**What is required**
Leave the pictures out and print every record below exactly as it stands.
Given data: Begin
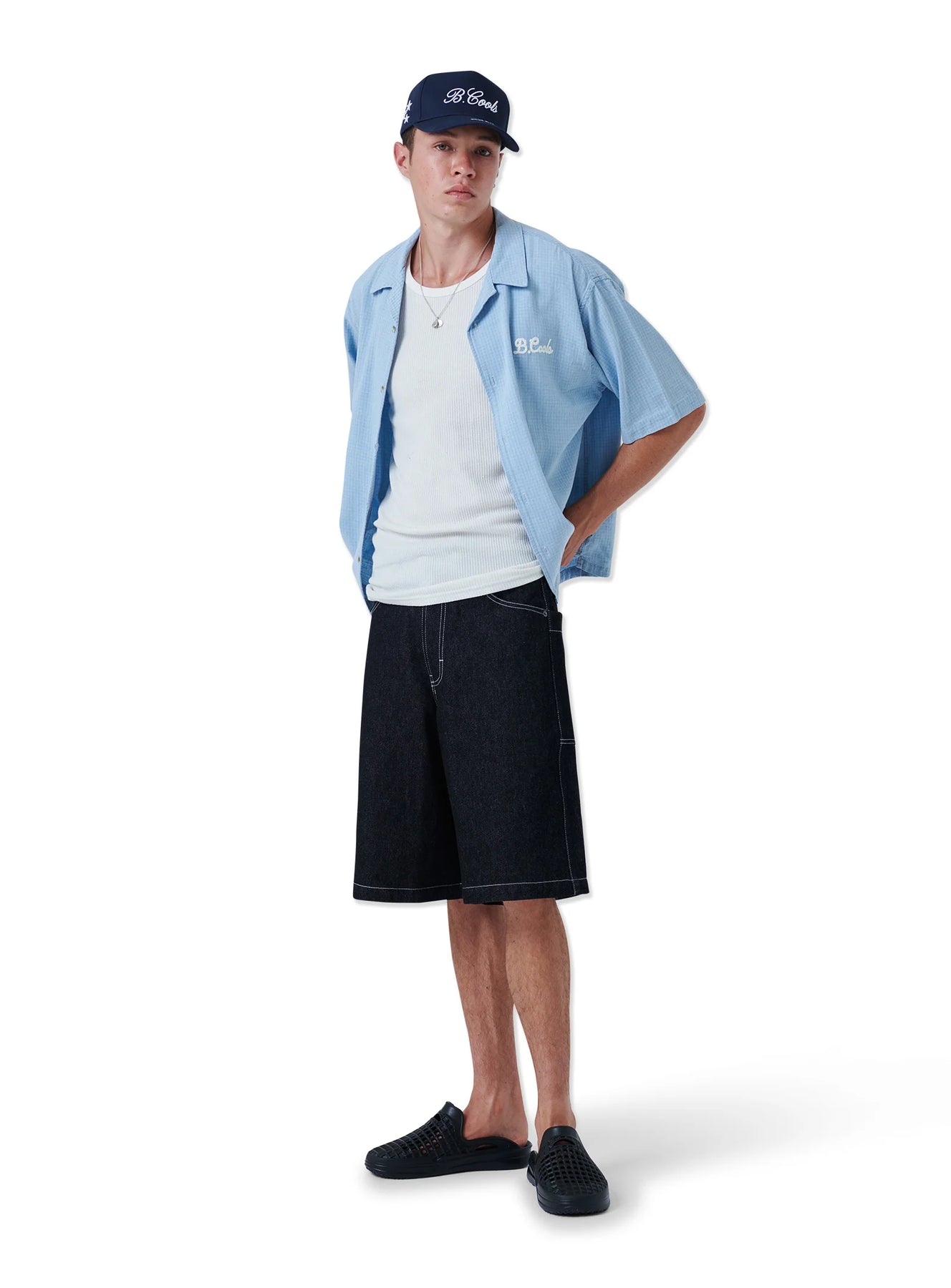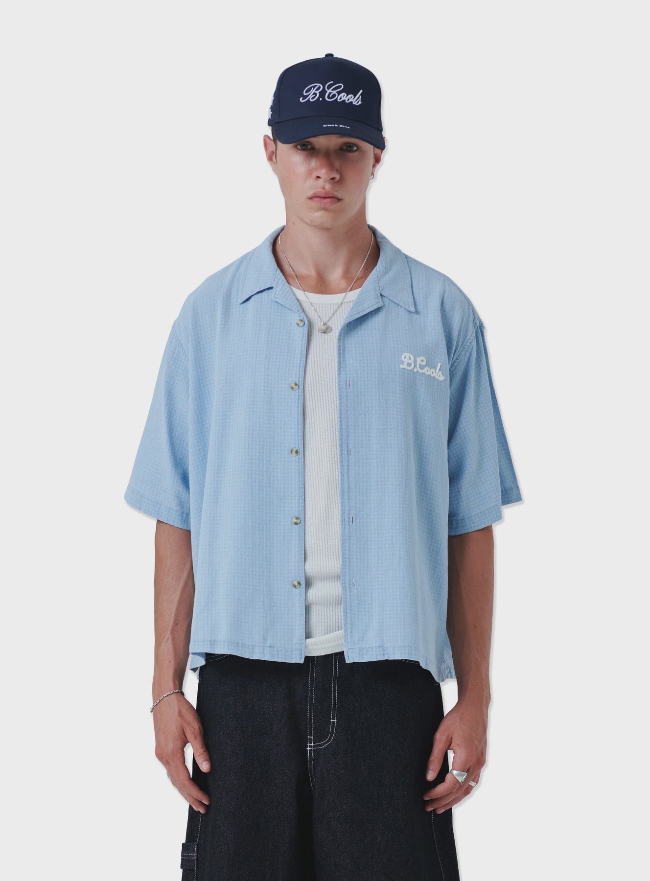 The Script Shirt in Blue. Lightweight cotton indigo fabric with subtle houndtooth fabric weave. Resort collar, boxy body and shorter length wth chest embroidery. Light bleach wash.
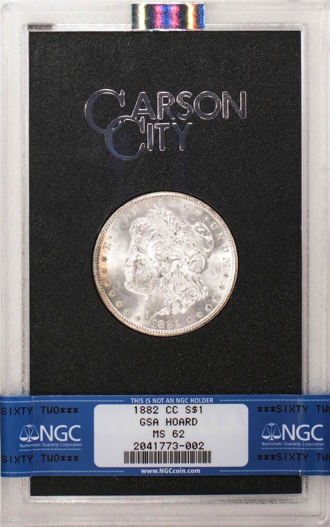 One 1882-CC $1 Morgan Silver Dollar Coin GSA Hoard Uncirculated NGC MS62 w/Box & COA. NGC Certified.
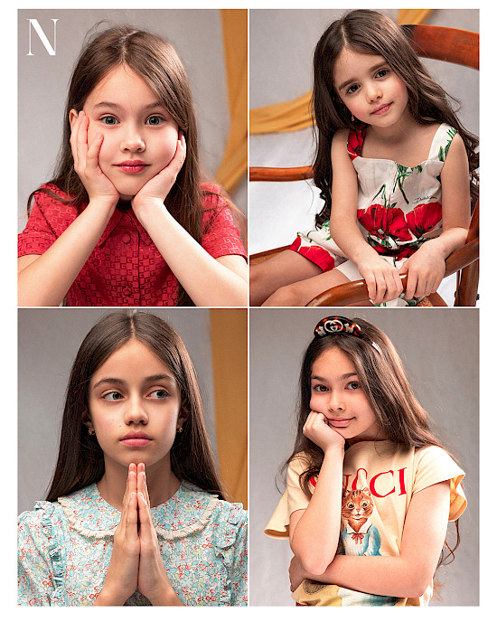 Banu: clothing DOLCE & GABBANA KIDS/Leyla: T-shirt, hat, shoes BURBERRY KIDS, shorts GUCCI
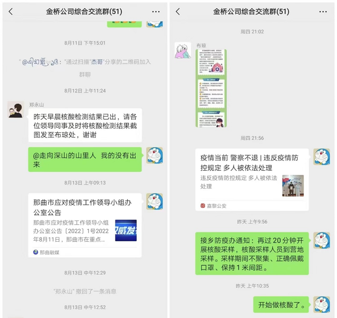 付少龍通過微信工作群及時將區(qū)、市、縣、公司疫情防控工作決策部署、防控政策措施、疫情防控違法違規(guī)行為等傳達給全體員工,引導員工做好自身防護的同時,做到不信謠、不傳謠、不恐慌、不松懈。
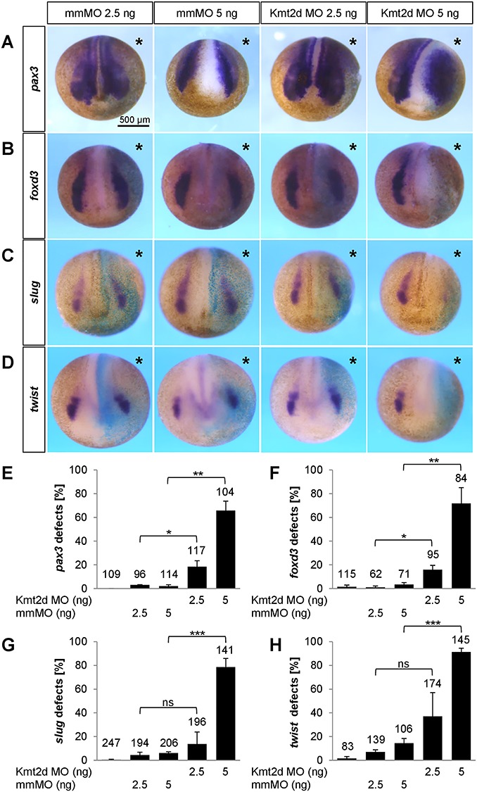 Figure 4. Kmt2d knockdown affects NPB formation and NC specification in a dose-dependent manner. (AâD) Embryos were injected with 2.5 or 5 ng mmMO or Kmt2d MO into one blastomere at the two-cell stage. 100 pg lacZ mRNA were used for lineage tracing. At neurula stages, the expression of several NC marker genes was analyzed by whole mount in situ hybridization. Injection of 5 ng Kmt2d MO leads to (A) a broader pax3 expression in the NPB region and (B) a severe reduction of foxd3, (C) slug/snai2 and (D) twist expression in the pre-migratory NC. (EâH) Graphs summarizing the results from three independent experiments for each NC marker gene analyzed in (AâD). Kmt2d loss-of-function affects the expression of (E) pax3, (F) foxd3, (G) slug/snai2 and (H) twist in a dose-dependent manner; ±SEM and the number of analyzed embryos are indicated for each condition. A two-tailed unpaired Studentâs t-test was applied. |
Given data: End
**Solution to the problem**
 The Script Shirt in Blue. Lightweight cotton indigo fabric with subtle houndtooth fabric weave. Resort collar, boxy body and shorter length wth chest embroidery. Light bleach wash.
 One 1882-CC $1 Morgan Silver Dollar Coin GSA Hoard Uncirculated NGC MS62 w/Box & COA. NGC Certified.
 Banu: clothing DOLCE & GABBANA KIDS/Leyla: T-shirt, hat, shoes BURBERRY KIDS, shorts GUCCI
 付少龍通過微信工作群及時將區(qū)、市、縣、公司疫情防控工作決策部署、防控政策措施、疫情防控違法違規(guī)行為等傳達給全體員工,引導員工做好自身防護的同時,做到不信謠、不傳謠、不恐慌、不松懈。
 Figure 4. Kmt2d knockdown affects NPB formation and NC specification in a dose-dependent manner. (AâD) Embryos were injected with 2.5 or 5 ng mmMO or Kmt2d MO into one blastomere at the two-cell stage. 100 pg lacZ mRNA were used for lineage tracing. At neurula stages, the expression of several NC marker genes was analyzed by whole mount in situ hybridization. Injection of 5 ng Kmt2d MO leads to (A) a broader pax3 expression in the NPB region and (B) a severe reduction of foxd3, (C) slug/snai2 and (D) twist expression in the pre-migratory NC. (EâH) Graphs summarizing the results from three independent experiments for each NC marker gene analyzed in (AâD). Kmt2d loss-of-function affects the expression of (E) pax3, (F) foxd3, (G) slug/snai2 and (H) twist in a dose-dependent manner; ±SEM and the number of analyzed embryos are indicated for each condition. A two-tailed unpaired Studentâs t-test was applied. |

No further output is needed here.